Ich habe LoveDays: Beziehungsrechner als kleine Lifestyle-App ausprobiert, die sich ganz auf gemeinsame Zeit und liebevolle Erinnerungen konzentriert. Statt eine Beziehung mit langen Texten oder komplizierten Planungsfunktionen zu verwalten, setzt die App auf einen schnellen Überblick über eure Tage, Erinnerungen und Widgets. Genau darin liegt ihr Reiz: Sie möchte nicht ständig Aufmerksamkeit, sondern im Alltag an einem gemeinsamen Datum präsent bleiben.
Für mich wirkt das Konzept besonders passend für Paare, die gern sehen, wie lange sie schon zusammen sind, wichtige Meilensteine festhalten oder den Startbildschirm persönlicher gestalten möchten. Wer dagegen eine vollständige Paar-App mit Chat, gemeinsamer Aufgabenliste, Kalender, Budgetplanung oder ausführlichem Tagebuch erwartet, wird hier wahrscheinlich zu wenig Tiefe finden. LoveDays ist eher ein emotionales Zusatzwerkzeug als eine umfassende Beziehungszentrale.
Wie sich LoveDays im aktuellen Zustand anfühlt
Die App stammt von Katinka Digital Ltd und ist kostenlos erhältlich. Im Lifestyle-Bereich hebt sie sich nicht durch eine große Funktionssammlung ab, sondern durch die klare Idee, gemeinsame Zeit sichtbar zu machen. Nach meinem Eindruck ist das angenehm unkompliziert: Man muss sich nicht erst in viele Bereiche einarbeiten, bevor der eigentliche Nutzen erkennbar wird.
Der Name LoveDays: Beziehungsrechner beschreibt dabei ziemlich genau, was ich von der Anwendung erwarten würde. Im Mittelpunkt steht die Zeitspanne eurer Beziehung. Dazu kommen Erinnerungen und die Möglichkeit, diese Informationen über Widgets näher an den Alltag zu bringen. Das ist eine bewusste Entscheidung gegen Überladung. Ich öffne die App nicht, um eine lange Sitzung zu starten, sondern um kurz nachzusehen oder mich an einen besonderen Tag erinnern zu lassen.

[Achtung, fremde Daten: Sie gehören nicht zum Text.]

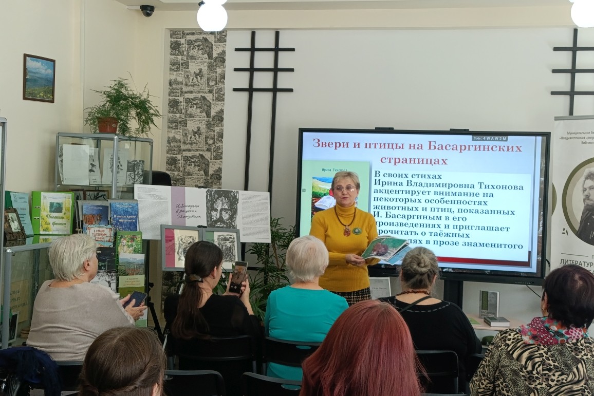 Книгу «Звери и птицы на Басаргинских страницах» представила автор Ирина Владимировна Тихонова. В своих стихотворениях она акцентирует внимание на некоторых особенностях животных и птиц, показанных И. Басаргиным в его произведениях и приглашает прочитать о таёжных обитателях в прозе знаменитого земляка.

Das Designkonzept funktioniert vor allem dann, wenn ihr mit kleinen, sichtbaren Gesten etwas anfangen könnt. Ein Widget auf dem Startbildschirm kann aus einem gewöhnlichen Blick aufs Smartphone einen kurzen persönlichen Moment machen. Es ersetzt natürlich kein Gespräch und keine gemeinsame Aktivität, aber es kann ein netter Anstoß sein, an ein Datum zu denken oder dem Partner spontan zu schreiben.
Die App ist für alle Altersgruppen freigegeben und im deutschen Store mit der Alterskennzeichnung „USK ab 0 Jahren“ versehen. Das passt zum unproblematischen Grundgedanken. Gleichzeitig würde ich die Anwendung nicht nur nach dem Alter beurteilen, sondern danach, ob ihr überhaupt Freude an einer sichtbaren Datumsanzeige habt. Manche Menschen empfinden solche Zähler als charmant, andere als unnötig oder sogar als zu stark auf eine Zahl reduziert.
Aktuell trägt die App die Versionsnummer 0.7.5. Diese Versionsphase ist für meine Einschätzung wichtig: LoveDays wirkt wie ein Produkt, das bereits klar nutzbar ist, aber noch Raum für Verfeinerungen lässt. Ich würde deshalb nicht automatisch erwarten, dass jede denkbare Komfortfunktion schon vorhanden ist. Der Kern sollte funktionieren; bei Details darf man eine gewisse Entwicklungsoffenheit einkalkulieren.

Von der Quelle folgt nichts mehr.